In the open letter to the class of 2005, Mahan and Terry wrote, "We believe that there is a clear moral imperative to withhold your donation until Harvard divests from PetroChina and any other companies as of yet undisclosed that are financially enabling genocide by operating in Sudan."

"We're really happy that Harvard divested from PetroChina," Mahan told The Herald. "It sends the right message - that Harvard needs to be a responsible investor."

However, Mahan said that the Darfur Action Group, a coalition of students seeking to address the Darfur crisis, will not be entirely satisfied "until Harvard discloses it has holdings in other companies in Sudan."

Mahan also suggested that the Harvard Corporation was careful not to set a precedent for divestment amidst controversy.

"They were more specific with PetroChina. I suspect that part of the reason was that they didn't want to have to disclose or divest from other organizations," he said.

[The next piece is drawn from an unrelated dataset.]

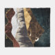 A mesmerizing abstract landscape blanket that fuses luxury textures with cosmic beauty. The composition features towering marble-like mountains in deep browns, blacks, and reds accented with golden highlights. Delicate white grasses rise from the lower hills, adding an organic balance to the bold design. Above, a glittering star-filled sky evokes a sense of freedom and wonder. With its rich marble textures, shimmering gold accents, and celestial atmosphere, this artwork captures a perfect harmony of nature, fantasy, and elegance.

Mahan also outlined plans for the Darfur Action group in the future. "We're going to start looking at state pension funds and at other campuses and use Harvard as an example of what (others) can do on their own campus," he said. "We have a moral obligation to make sure we're not enabling it."

Eric Reeves, professor of English at Smith College and an analyst of Sudanese affairs, organizes divestment efforts on a national level. Along with PetroChina, he said, ABB, Alcatel, Siemens and Tatneft are also commonly traded companies that are especially culpable for the genocide in Darfur.

In addition to Harvard, Reeves said, several state pension plans are considering divestment.

"Illinois' state legislature is on the verge of divestment, (and) I've been contacted by Vermont and the state of New York as well as a few others," he said.

Reeves explained that "divestment drives down share prices and makes continued business intolerably expensive.

"Clearly, we need to hold institutional shareholders responsible for looking at all the equities in their portfolio," he said.

At Brown, Vice President and Chief Investment Officer Cynthia Frost said in an e-mail that the University is not invested in PetroChina.